● THE TASK: Two lines in the listing below mark the span: one contains "Cotton fabric dates" and one contains "Сыч в Facebook.". Reproduce both of them and everything between, exactly.

● DATA FOR THE TASK:
▬▬▬▬▬▬

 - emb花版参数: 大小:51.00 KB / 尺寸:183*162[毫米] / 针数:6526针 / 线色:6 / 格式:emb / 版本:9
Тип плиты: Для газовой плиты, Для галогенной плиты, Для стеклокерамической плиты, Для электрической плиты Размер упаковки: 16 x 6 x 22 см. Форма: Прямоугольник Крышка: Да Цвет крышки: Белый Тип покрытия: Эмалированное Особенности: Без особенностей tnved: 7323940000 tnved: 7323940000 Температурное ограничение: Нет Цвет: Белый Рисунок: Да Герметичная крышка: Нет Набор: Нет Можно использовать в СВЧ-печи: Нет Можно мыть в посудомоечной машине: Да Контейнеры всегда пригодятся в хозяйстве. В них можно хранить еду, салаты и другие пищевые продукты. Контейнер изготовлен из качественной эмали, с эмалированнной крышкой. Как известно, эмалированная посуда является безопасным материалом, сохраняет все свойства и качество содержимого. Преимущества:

▬▬▬▬▬▬

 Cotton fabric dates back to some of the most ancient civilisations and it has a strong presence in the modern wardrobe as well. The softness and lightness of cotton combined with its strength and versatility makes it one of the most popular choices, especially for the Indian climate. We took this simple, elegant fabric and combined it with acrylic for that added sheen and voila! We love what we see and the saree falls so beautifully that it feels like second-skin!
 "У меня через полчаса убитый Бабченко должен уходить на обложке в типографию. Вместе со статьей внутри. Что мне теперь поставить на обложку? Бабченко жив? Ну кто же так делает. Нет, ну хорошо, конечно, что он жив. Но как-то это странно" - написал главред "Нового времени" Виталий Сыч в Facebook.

▬▬▬▬▬▬

● ANSWER FOR THE TASK:
 Cotton fabric dates back to some of the most ancient civilisations and it has a strong presence in the modern wardrobe as well. The softness and lightness of cotton combined with its strength and versatility makes it one of the most popular choices, especially for the Indian climate. We took this simple, elegant fabric and combined it with acrylic for that added sheen and voila! We love what we see and the saree falls so beautifully that it feels like second-skin!
 "У меня через полчаса убитый Бабченко должен уходить на обложке в типографию. Вместе со статьей внутри. Что мне теперь поставить на обложку? Бабченко жив? Ну кто же так делает. Нет, ну хорошо, конечно, что он жив. Но как-то это странно" - написал главред "Нового времени" Виталий Сыч в Facebook.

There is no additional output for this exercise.